Findings & Analysis
Community food enterprises (CFEs) are the economic engines for growing, processing, selling, and serving local food. We encounter them every day as we drive past farms, shop at grocery stores, or eat out at restaurants. Some are wildly successful while others are barely paying their bills. We tend to attribute the performance of each to the abstract skills of the proprietors or even to luck, but we actually know very little about what accounts for their success. Our 24 case studies aim to fill this void.
For many years CFEs dominated local markets. Globalization shattered this old economic order. Industrial scale agriculture displaced smaller farms, food processing moved to centralized manufacturers, and chain supermarkets and restaurants displaced local grocers and diners. In the radically altered world of multinational business, the smaller scale of CFEs appeared to doom them. Among their many disadvantages, compared to bigger national and international players, were larger fixed costs, more inexperienced managers, more limited distribution networks, less potent marketing, and poorer access to talent, capital, and technology.
Yet in recent years CFEs have discovered that they actually have unique advantages over bigger companies. They have a deeper awareness of local tastes and markets, they can obtain consumer feedback more quickly, and they can tweak their business models more swiftly. They can deliver goods and services faster, with shorter distribution links and smaller inventories. They can rely more on word-of¬mouth advertising that costs nothing. The hypothesis of this study is that CFEs are again becoming competitive, and will become increasingly so, but only if CFE managers effectively harness their comparative advantages.
Our analysis begins by describing 15 strategies CFEs are deploying to increase their competitiveness. We then articulate 16 obstacles CFEs face, many of which constitute the traditional understanding of the disadvantages of small scale. We also share intriguing and varied ways CFEs are overcoming these obstacles. One of the paradoxical ways several of our case studies have done this, it’s worth highlighting here, is to grow very large and focus on global markets, all while remaining locally owned.
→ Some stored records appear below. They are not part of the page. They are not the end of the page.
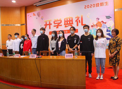 上海嘉定区公安分局高校派出所副所长赵勤梅、上海律宏律师事务所主任律师王夏青、上海大学保卫处消防科副科长朱佳贤、继续教育学院直属党总支书记王海燕、副院长王惠珏、培训部主任孙华明、各项目负责人、班主任老师以及2020级全体新生出席了开学典礼。典礼由ACCA项目2018级学生徐雯依主持。
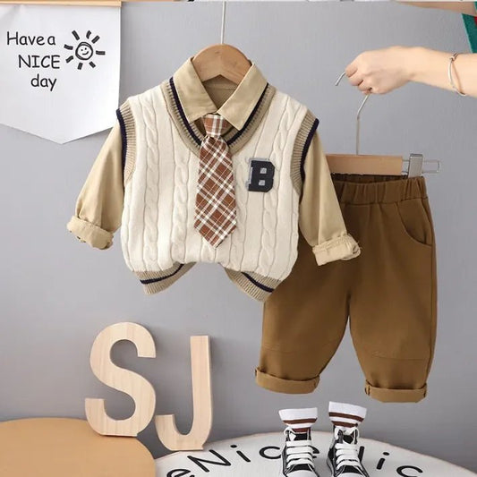 1-5 Yaş Erkek Çocuk 3 Parça Takım Şık Örgü Yelek
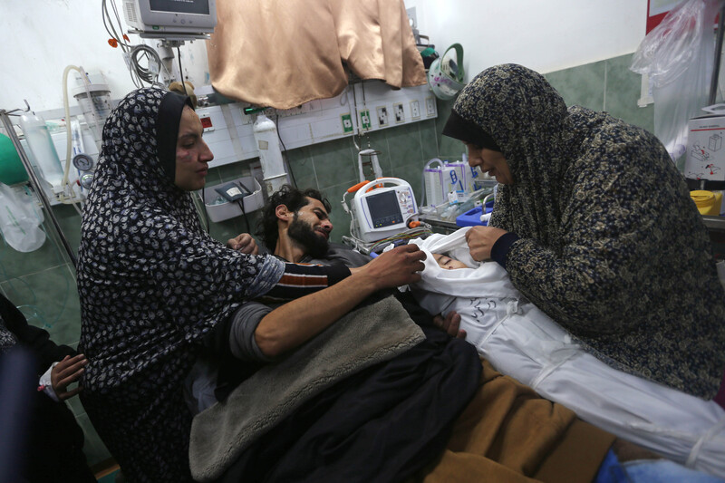 Palestinian mourn a child at al-Najjar hospital in Rafah, southern Gaza, on 19 December 2023. More than two dozen people, including journalist Adel Zoroub, were killed in Israeli airstrikes that destroyed three residential buildings in Rafah.
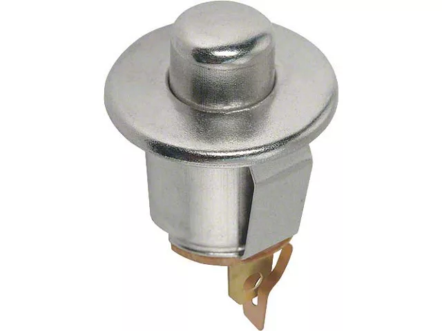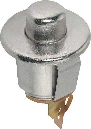 This starter button is a universal part with one-wire connection and a body-ground. It is chrome with a plain chrome bezel.

We then review the social performance of CFEs, suggesting that they have taken factors which have been long viewed as extra costs— higher labor, environmental and community standards— and transformed them into competitive advantages.
Finally, we reflect on the replicabilty of CFE successes, and conclude that there is little to stand in the way of CFEs proliferating, especially if new mechanisms are created that enable practitioners worldwide to share best practices and collaborate together.